**TASK TO COMPLETE:** Each record, minus any picture, should be returned exactly as written.

Stored records:
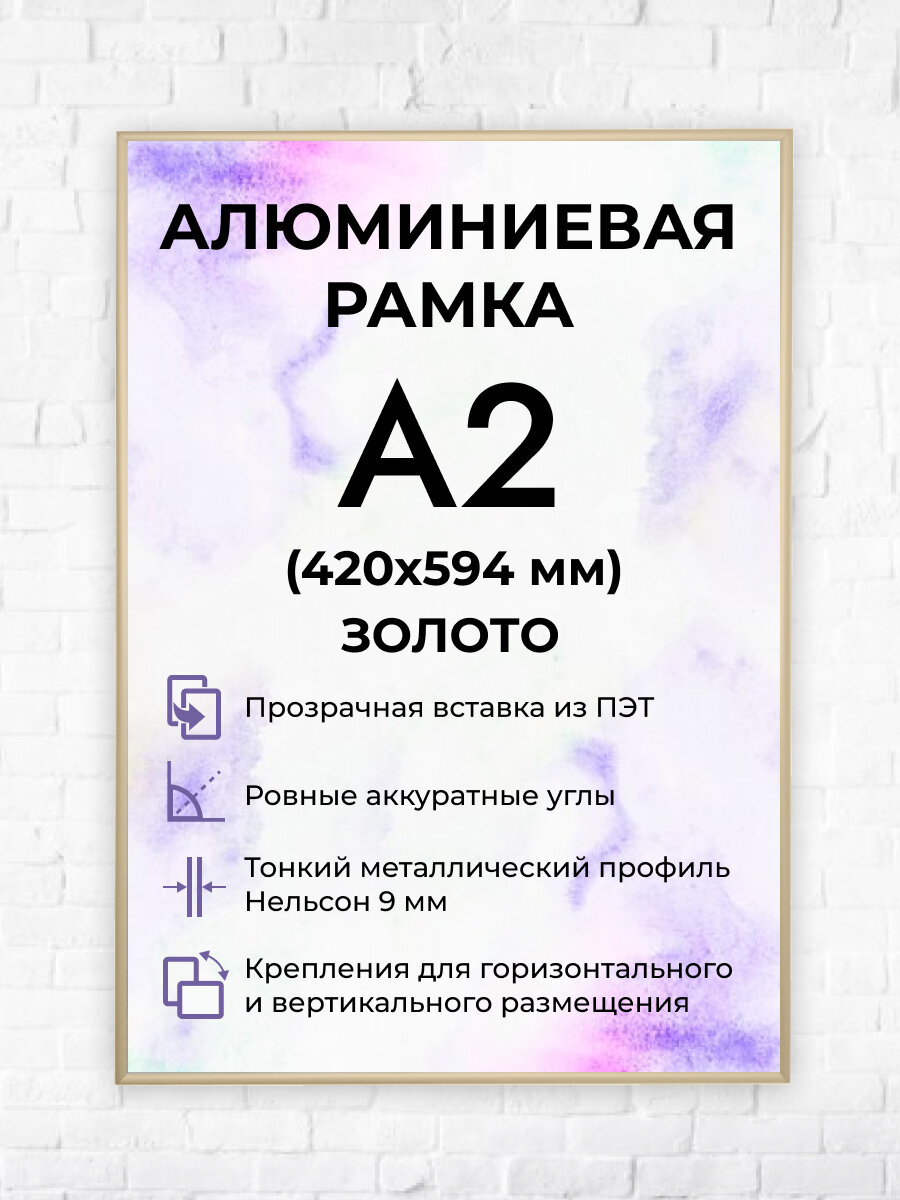 Фоторамка А2 (420х594 мм) Нельсон алюминиевая, цвет золото, для картин, постеров, пазлов, для дома и офиса интересное:
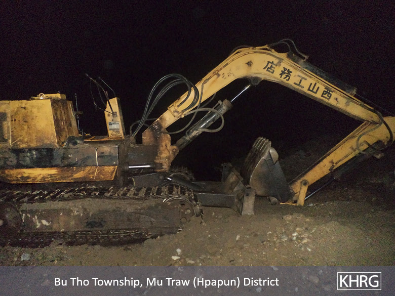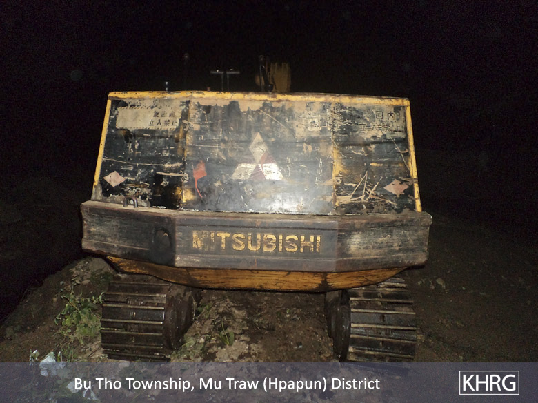 The above photos were taken on January 1st 2013, and they show two different angles of a Mitsubishi bulldozer beside the Meh Tee Loh River, near the Ta Kon Taing village flat field farm in Bu Tho Township, Hpapun District. According to the community member who took these photos, the bulldozer is operated by a Burma government construction company, referred to locally as “GE”, and is used for repairing the Way Hsa Way Moo vehicle road, repairing Tatmadaw army camps and for constructing additional buildings in Meh Klaw village tract. In order to do such construction, the company takes stone and sand from Meh Tee Loh River beside Peh Klaw Day villagers’ farms. They started collecting materials in October 2012. According to the community member, the local KNU authority, village head and village tract leader gave the company permission to collect stones and sand for only ten days in October 2012; however, as of January 2013, they are still collecting stones.[3] [Photos: KHRG]
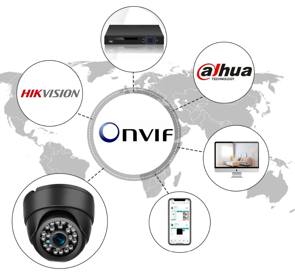 Камера может работать с большинством сторонних-вечерние Onvif 2,0 NVR.
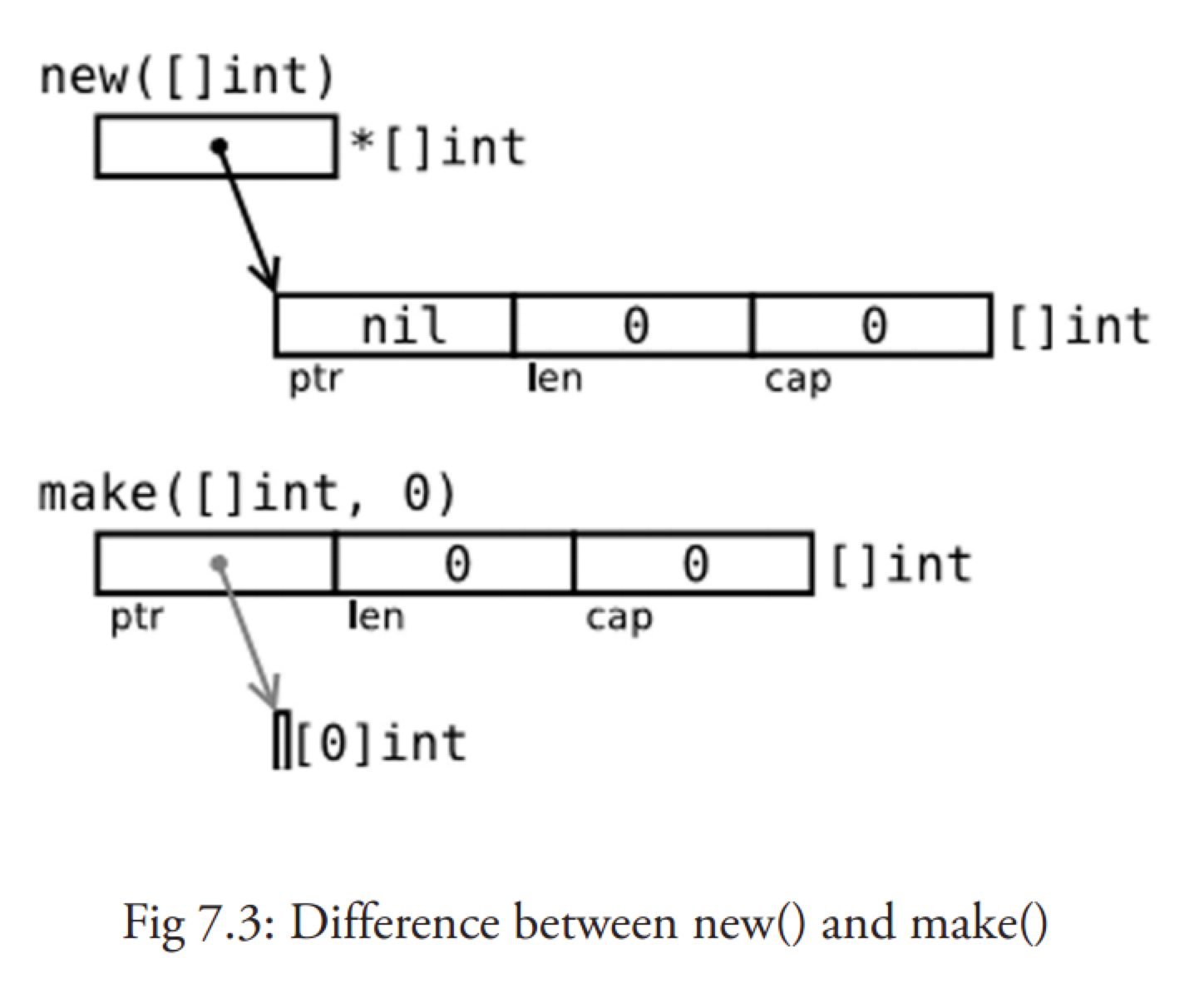 make(T)返回一个类型为T的初始值,它只适用于3中内建的引用类型:切片,map和channel
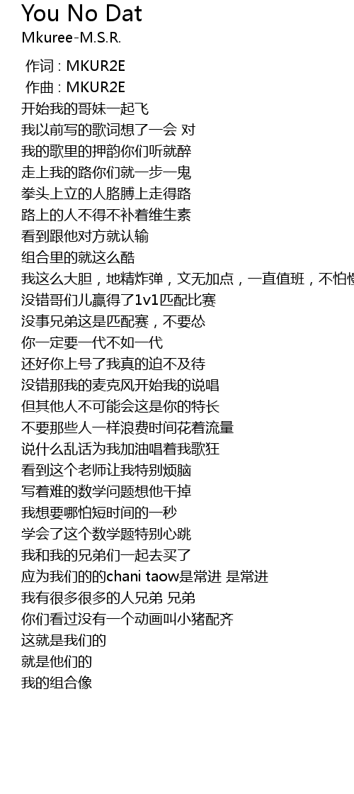 | [00:44.280] | mei shi xiong di zhe shi pi pei sai, bu yao song |
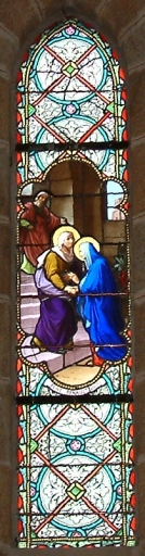 Ensemble de deux verrières figurées : sainte Anne, saint Joachim et la Vierge (baie 3) et l'Annonciation (baie 4),
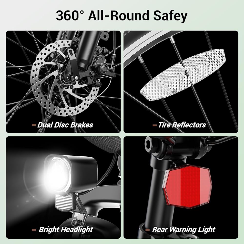 【دراجات إلكترونية مع تشغيل بسيط】تصل هذه الدراجة الكهربائية للبالغين إلى سرعة قصوى تبلغ 25 ميلاً في الساعة وتتميز بشاشة ذكية واضحة، مما يسمح بالتحكم والمعلومات البديهية في جميع الأوقات. يمكنك عرض المؤشرات الرئيسية على الفور مثل السرعة الحالية وشحن البطارية ومستوى PAS.
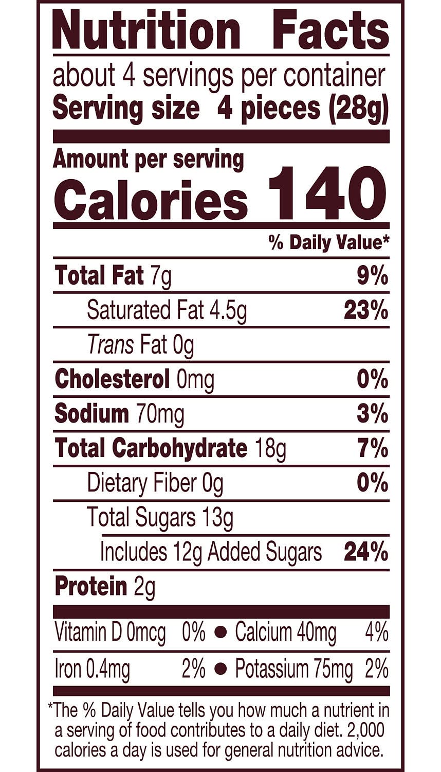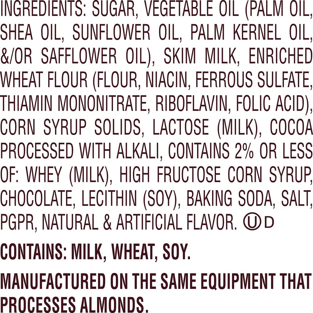 Ingredients: SUGAR, VEGETABLE OIL (PALM OIL, SHEA OIL, SUNFLOWER OIL, PALM KERNEL OIL, /OR SAFFLOWER OIL), SKIM MILK, ENRICHED WHEAT FLOUR (FLOUR, NIACIN, FERROUS SULFATE, THIAMIN MONONITRATE, RIBOFLAVIN, FOLIC ACID), CORN SYRUP SOLIDS, LACTOSE (MILK), COCOA PROCESSED WITH ALKALI, CONTAINS 2% OR LESS OF: WHEY (MILK), HIGH FRUCTOSE CORN SYRUP, CHOCOLATE, LECITHIN (SOY), BAKING SODA, SALT, PGPR, NATURAL ARTIFICIAL FLAVOR. Contains: Contains: Wheat|Soy|Milk
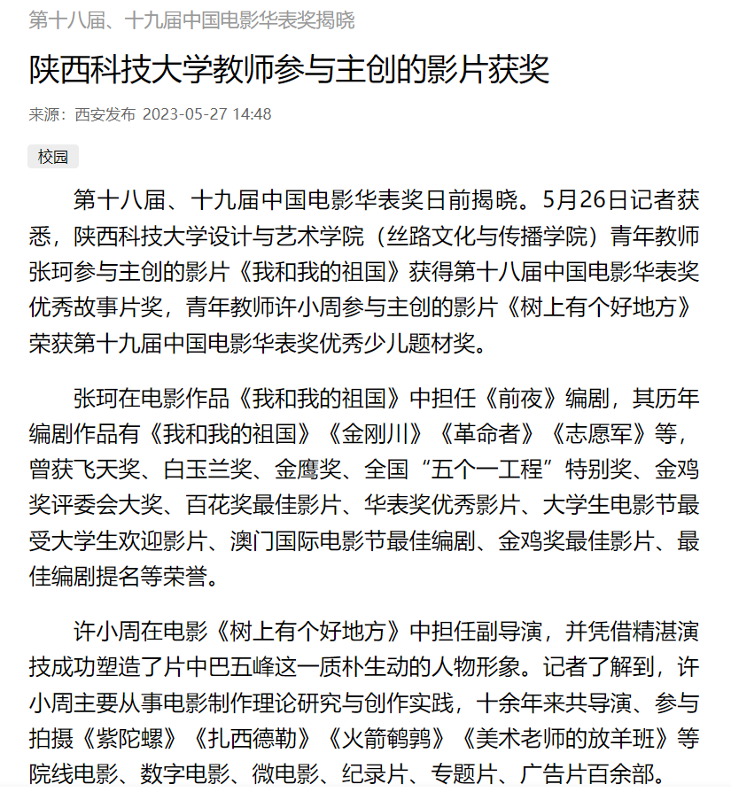 西安發(fā)布:陜西科技大學(xué)教師參與主創(chuàng)的影片獲獎
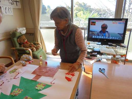 12月はクリスマスツリーの壁画を一緒に作りました。

**SOLUTION FOR THIS TASK:**
 Фоторамка А2 (420х594 мм) Нельсон алюминиевая, цвет золото, для картин, постеров, пазлов, для дома и офиса интересное:
 The above photos were taken on January 1st 2013, and they show two different angles of a Mitsubishi bulldozer beside the Meh Tee Loh River, near the Ta Kon Taing village flat field farm in Bu Tho Township, Hpapun District. According to the community member who took these photos, the bulldozer is operated by a Burma government construction company, referred to locally as “GE”, and is used for repairing the Way Hsa Way Moo vehicle road, repairing Tatmadaw army camps and for constructing additional buildings in Meh Klaw village tract. In order to do such construction, the company takes stone and sand from Meh Tee Loh River beside Peh Klaw Day villagers’ farms. They started collecting materials in October 2012. According to the community member, the local KNU authority, village head and village tract leader gave the company permission to collect stones and sand for only ten days in October 2012; however, as of January 2013, they are still collecting stones.[3] [Photos: KHRG]
 Камера может работать с большинством сторонних-вечерние Onvif 2,0 NVR.
 make(T)返回一个类型为T的初始值,它只适用于3中内建的引用类型:切片,map和channel
 | [00:44.280] | mei shi xiong di zhe shi pi pei sai, bu yao song |
 Ensemble de deux verrières figurées : sainte Anne, saint Joachim et la Vierge (baie 3) et l'Annonciation (baie 4),
 【دراجات إلكترونية مع تشغيل بسيط】تصل هذه الدراجة الكهربائية للبالغين إلى سرعة قصوى تبلغ 25 ميلاً في الساعة وتتميز بشاشة ذكية واضحة، مما يسمح بالتحكم والمعلومات البديهية في جميع الأوقات. يمكنك عرض المؤشرات الرئيسية على الفور مثل السرعة الحالية وشحن البطارية ومستوى PAS.
 Ingredients: SUGAR, VEGETABLE OIL (PALM OIL, SHEA OIL, SUNFLOWER OIL, PALM KERNEL OIL, /OR SAFFLOWER OIL), SKIM MILK, ENRICHED WHEAT FLOUR (FLOUR, NIACIN, FERROUS SULFATE, THIAMIN MONONITRATE, RIBOFLAVIN, FOLIC ACID), CORN SYRUP SOLIDS, LACTOSE (MILK), COCOA PROCESSED WITH ALKALI, CONTAINS 2% OR LESS OF: WHEY (MILK), HIGH FRUCTOSE CORN SYRUP, CHOCOLATE, LECITHIN (SOY), BAKING SODA, SALT, PGPR, NATURAL ARTIFICIAL FLAVOR. Contains: Contains: Wheat|Soy|Milk
 西安發(fā)布:陜西科技大學(xué)教師參與主創(chuàng)的影片獲獎
 12月はクリスマスツリーの壁画を一緒に作りました。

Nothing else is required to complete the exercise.